I can't help you pick a manufacturer, but make sure you ask all kinds of questions about things you may not understand. From my experience, here are the times to expect.
Mold Production: 20-30 days
Pin Back Sampling: 1 week to 1 month
Pin Back Mass Production: 20-30 days
Shipping: 30-45 days (this varies and may change before ship date)
Covid-19 created extra shipping delays we didn't see in previous years, so keep that in mind.
Pin Back Size & Hole Size
I'll go ahead and share my proof for my corgi head. As you can see here, this is what they sent me to show what dimensions of the design would be. I had picked a basic size (the 10mm) and they determined the rest from that.
We took the 2D vector and converted it to 3D but we had to decide a few things before this stage. There is a hole that goes directly into the center of that handle so that has to be the correct size. It's not actually listed in that image either but I have some other images for you to look at that show it.
There are gates and ejection points that also have to be decided. Initially we had them on either side but moved it to the handle later. You have the option to do so.
So these giant blue dots, I believe they are called ejection pin marks. I may edit this later if I am wrong. You can see the center hole the post goes into in the image below.
The gate is where the red dot is. If I remember correctly, this is where the material is injected into the mold. The blue dots are where it connects and pushes out. The excess material gets melted and reused later.
Anyways, it's an injection molding process. You can read more about it here and here.
Things you can get from my notes for your project are the following:
Hole size: 1mm
Hole depth: 7mm
You need this for the handle. I think our handle was a little over 3mm wide. I should probably have measured this. My notes say 3.4mm. We'll go with that. The width of your handle will really depend on your size of the design.
So I didn't have a 3D printer at the time of this corgi head project. I'm not really sure we can say we have one until we get it working, but alas, if you have a 3D printer I highly recommend you print that 3D model.

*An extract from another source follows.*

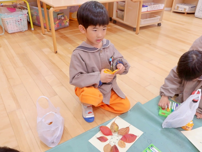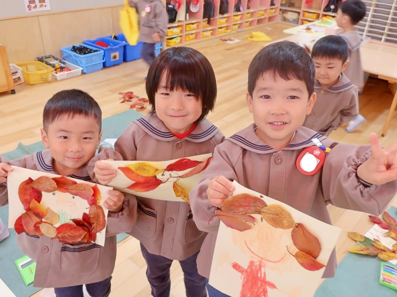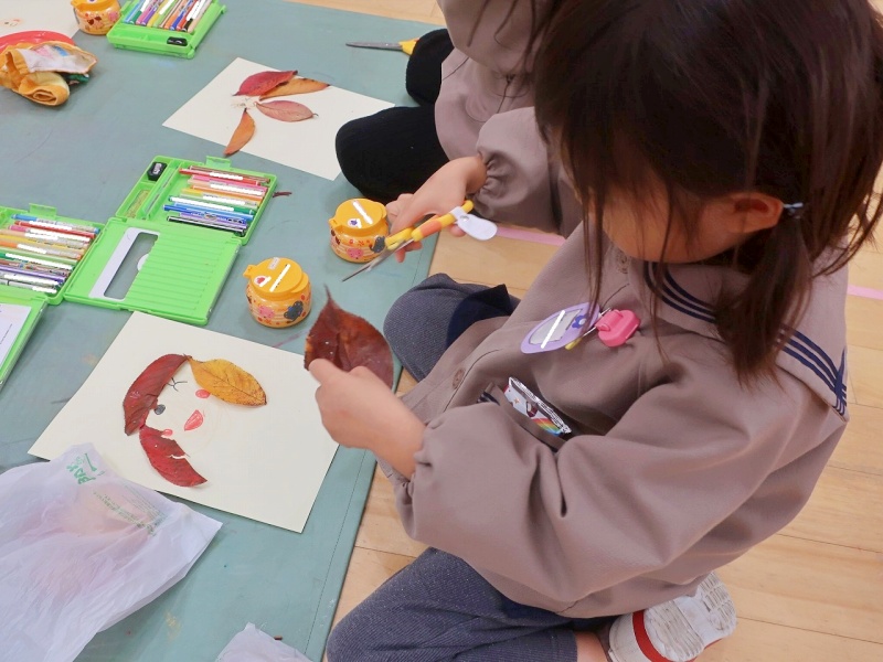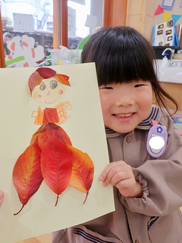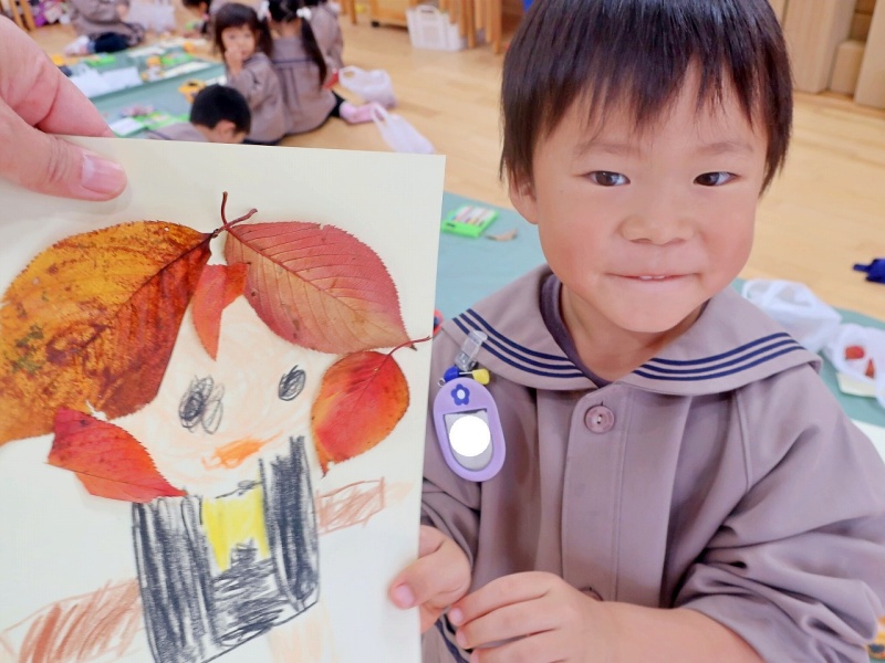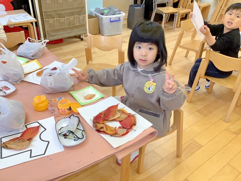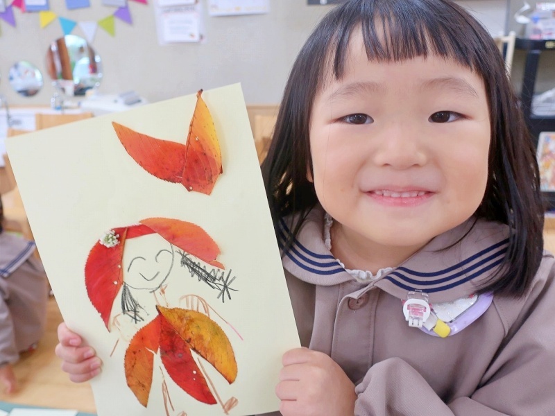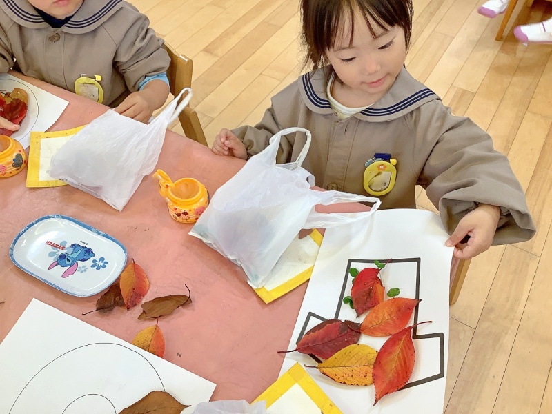 年中組は、思い思いに葉っぱをいろいろな物に見立てて、画用紙に貼り付けていきます。赤や黄色の葉っぱがドレスになったり、細長い葉っぱが虫の羽になったり… 一枚の葉っぱから広がるイメージは無限大✨ 完成した作品は、どれも個性豊かで、ステキでした💖

Critzz Creations stepped up to help us with the 3D printing aspect of the whole project. He suggested printing to test it out and made a few resin test prints. This also made me really appreciate the whole concept of using a 3D printer to make sure the sizes were correct. He also inserted the tiny detail corgi ear cutouts last minute for me, so pay his site a visit. He's excellent. Anyways, back to the backs!

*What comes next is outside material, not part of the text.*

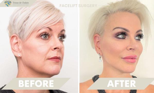 Dr Tristian de Chalain often combines a mid-face lift with his facelifts because no other technique has the ability to restore the cheek fullness and height as effectively. Also, this will shorten the aged, elongated lower eyelid and help lift the corners of the mouth.

He used a transparent resin which was actually nice to see what we needed to think about. These were so pretty and it's a shame we didn't order anything in this color from the manufacturer haha.

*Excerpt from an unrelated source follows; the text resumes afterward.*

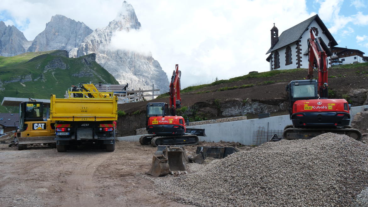 Procedono i lavori di riqualificazione e realizzazione di spazi pubblici destinati a servizi collettivi sulla area prima occupata dall’ex albergo “Passo Rolle”. Il fulcro del progetto è costituito da una piazzetta centrale per la socializzazione di visitatori ed escursionisti, anche per svolgere varie attività ricreative all’aperto. In fase di realizzazione un edificio info-point sospeso, la fermata per il trasporto pubblico, un punto ristoro per i ciclisti e un piccolo parcheggio di servizio per la sosta breve di auto e moto. La fine e consegna dei lavori è prevista per fine ottobre.

One thing that was super nice was that he took some pics of the printed backs and put it on a pin. You can see here what size it was in comparison to the pin. He also measured some things for us to let us know any issues we'd run into. Having a 3D printer can help remove a few costly mistakes that could be made before committing to the mold.
I believe one issue we had was the hole depth and he fixed that as you can see in this picture above.
I feel like I have covered everything you need to research. If I remember anything later, I'll edit it into here and you'll never know. Bwah ha ha.
TLDR; Get quotes for general costs, determine size, and test print a 3D model if you're able.